A chi osserva senza pregiudizi dovrebbero risultare evidenti:
-la funzione politica che il virus sta svolgendo;
-l’accelerazione imposta ai processi di dematerializzazione;
-gli enormi interessi economici in gioco da parte delle piattaforme;
-il ritorno a un ‘positivismo’ così rozzo da non meritare neppure la denominazione comtiana;
-l’infantilizzazione del corpo sociale;
-il dilagare dell’ignoranza come frutto della chiusura e dell’impoverimento delle aule scolastiche e universitarie;
-la cancellazione del significato stesso del vivere e del morire.

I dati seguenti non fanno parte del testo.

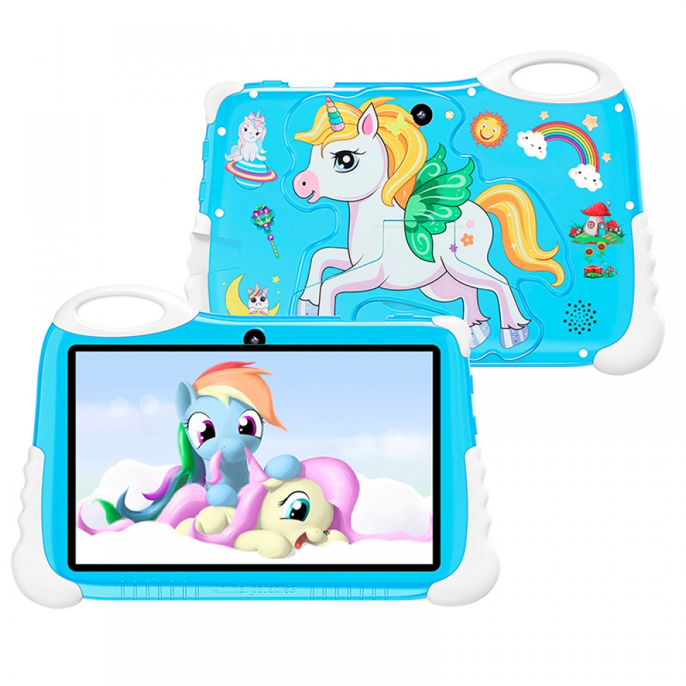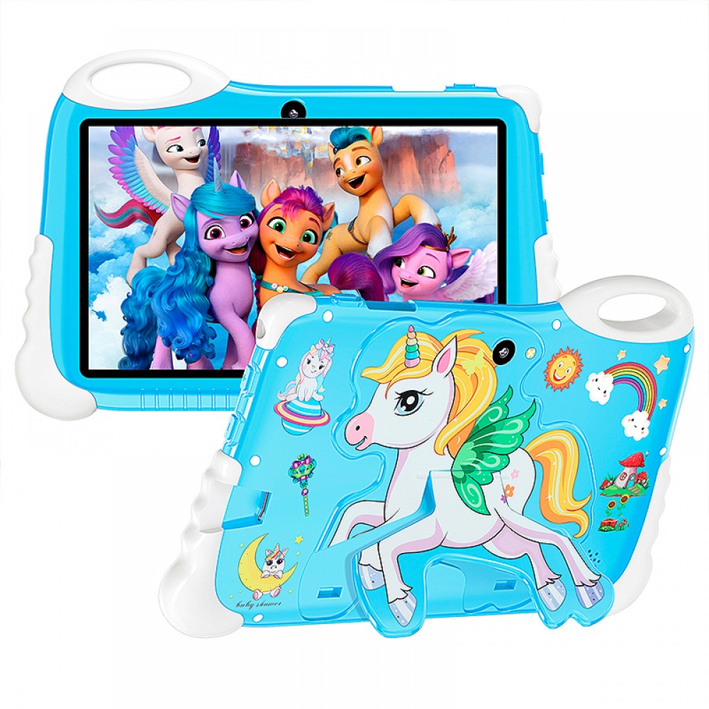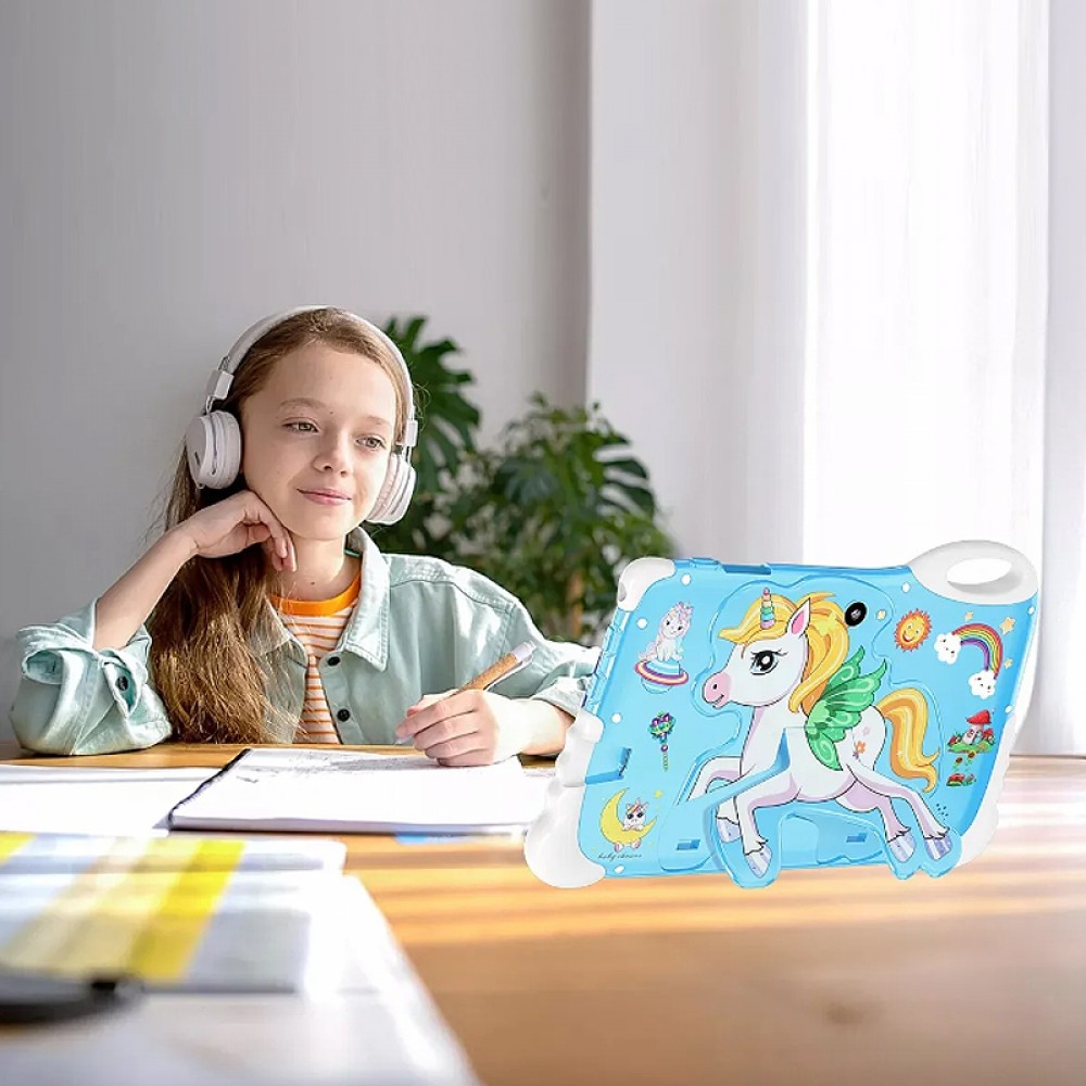 Tableta pentru copii 7" Android 12, 64 GB ROM, 4 GB RAM, Octa-core, Cameră dublă, 6000 mAh, Bluetooth, Fara SIM, Husa protecție EVA, Albastru cu unicorn.

Il virus disvela tutto questo. Esso ci aiuta a comprendere il potere pressoché assoluto dell’informazione in mano alle grandi potenze economico-finanziarie. E ci aiuta soprattutto a comprendere quanto tremanti siano diventati gli umani, pronti a rinunciare alle libertà e alla razionalità, indipendentemente dal loro grado di istruzione, di ricchezza economica, età e condizione. Abbiamo il privilegio, per dir così, di assistere con i nostri occhi a degli eventi politicamente e antropologicamente epocali. Che ci insegnano, che devono, insegnarci, saggezza e sapienza, φρόνησις e σοφία.
In ogni caso non prevarranno, la tirannide si spezzerà, come sempre è accaduto nella storia. E chi avrà resistito a questa ondata di irrazionalismo avrà contribuito a portare alla luce quanto di più inquietante abita dentro l’umano.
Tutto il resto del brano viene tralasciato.